Hence, US policies combined with local policies have generated significant traction. This we believe is the trigger for the policy induced Asian-emerging markets business cycle or boom-bust cycle.
Proof?
In the Philippines, the following are headlines from our Bangko Sentral ng Pilipinas: Automobile Loans Up by 5.1 Percent From Last Quarter, Credit Card Receivables Up By 4.6 Percent From Year Ago, Residential Real Estate Loans Stand at P162.5 Billion in Q3 (down 1.4% over the quarter but up 13.1% from last year), Other Consumer Loans Stood at P36.7 Billion in Q3 (down 2.6% from last quarter but up 12.8% from a year ago) and November Inflation at 2.8 Percent.
In short, systemic leverage has gradually been picking up in response to these policies.
True, markets may not move linearly but policies to reflate the system has clearly shown divergent impact on individual economies and in the marketplace. This implies that trying to read economic dynamics as one size fits all is virtually flawed.
What ailed the US in the Bear Stearns-Lehman episode in 2008 isn’t likely to be repeated soon. That’s because policy makers are likely to engage in path dependency as guiding principle for their decisions.
Path Dependence according to wikipedia.org is a ``set of decisions one faces for any given circumstance is limited by the decisions one has made in the past, even though past circumstances may no longer be relevant”. Bank Of Japan’s decision to implement a new QE program is a testament of this- due to the alleged fear of systemic deflation, the applied solution stems from the apparent triumphalism from the recent money printing nostrum utilized by their peers.
In other words, policy approach has all been directed to combat another Stearns Lehman episode at a future unseen cost. That’s why tunneling on a deflation scenario won’t be advisable.

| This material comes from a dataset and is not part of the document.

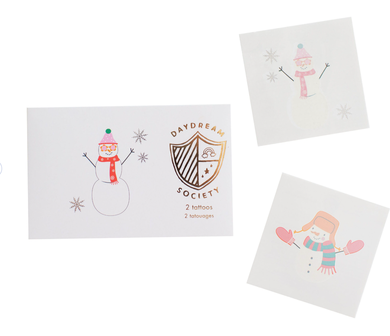 the cutest and jolliest buddies around! featuring a pastel color palette and shiny silver these tattoos make winter magic come to life, plus they're perfect for stuffing in a stocking or christmas party favor! pack of 2 tattoos (1 each of 2 designs) each tattoo measures 2.5 inches square safe + non-toxic packaged in a card stock envelope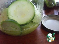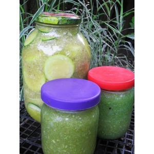 Если будете использовать зелень, то взятое вами количество травки разделите пополам, 1/2 часть положите на дно банки. Потом налейте заливку огуречную 3-4 ст. л. Положите кольца кабачков. И так чередуйте - заливка, кабачки, заливка, кабачки. Если сразу сложить все кабачки, а потом заливку, то она может не заполнить все пустоты. Сверху опять положите зелень. Хорошо бы на самый верх, под крышку положить лист хрена или же его корень. Это не даст образоваться плесени. Заготовка не проходит термообработку, хранится в холодильнике, либо погребе. |

This also means we should understand the political incentives guiding the actions of the political and bureaucratic leaders to address financial and economic issues than simply analyzing economics exclusive of political goals. For instance, as discussed in 5 Reasons Why The Recent Market Slump Is Not What Mainstream Expects, we identified why the US banking system has been in a US government guided therapy known as the ``bank as trader” model.
Conclusion
To recap, the Dubai debt crisis as an issue to be bearish would be a mistake. There are larger factors that affect the markets or even the Philippine Peso such as the cocktail mix of the US government monetary policies, local policies and intrinsic idiosyncratic traits for each economy.
Moreover, in contrast to conventional wisdom, remittances essentially have not been the prime factor that drives the direction of the Peso’s pricing levels. Instead the Peso has reflected on the policy induced decline in the US dollar, which is a manifestation of global liquidity. That’s the reason the Peso and the Phisix has had a strong correlation.
Although the Peso has been mostly a lagging indicator relative to the Phisix, the recent breakout of the Peso should augur well for the Phisix.
Finally, path dependency will likely guide the actions of policymakers. That’s why we view a Bear Sterns-Lehman episode of 2008, which caused a seizure in the US banking system, as lesser risks in contrast to a spike in inflation. In other words, governments are likely to engage in sustained inflationism.
The effect of inflationism will ultimately be unraveled but like all business cycles, this takes time and massive “clustering” misallocation of resources. Eventually, in spite of government actions, the marketplace will manifest on such strains.
For the meantime, inflationism appears to be in a sweetspot.
The Peso and the Phisix is likely to resume its ascent in 2010, with the latter likely to breach its old highs and may even attempt to reach the 5,000 level.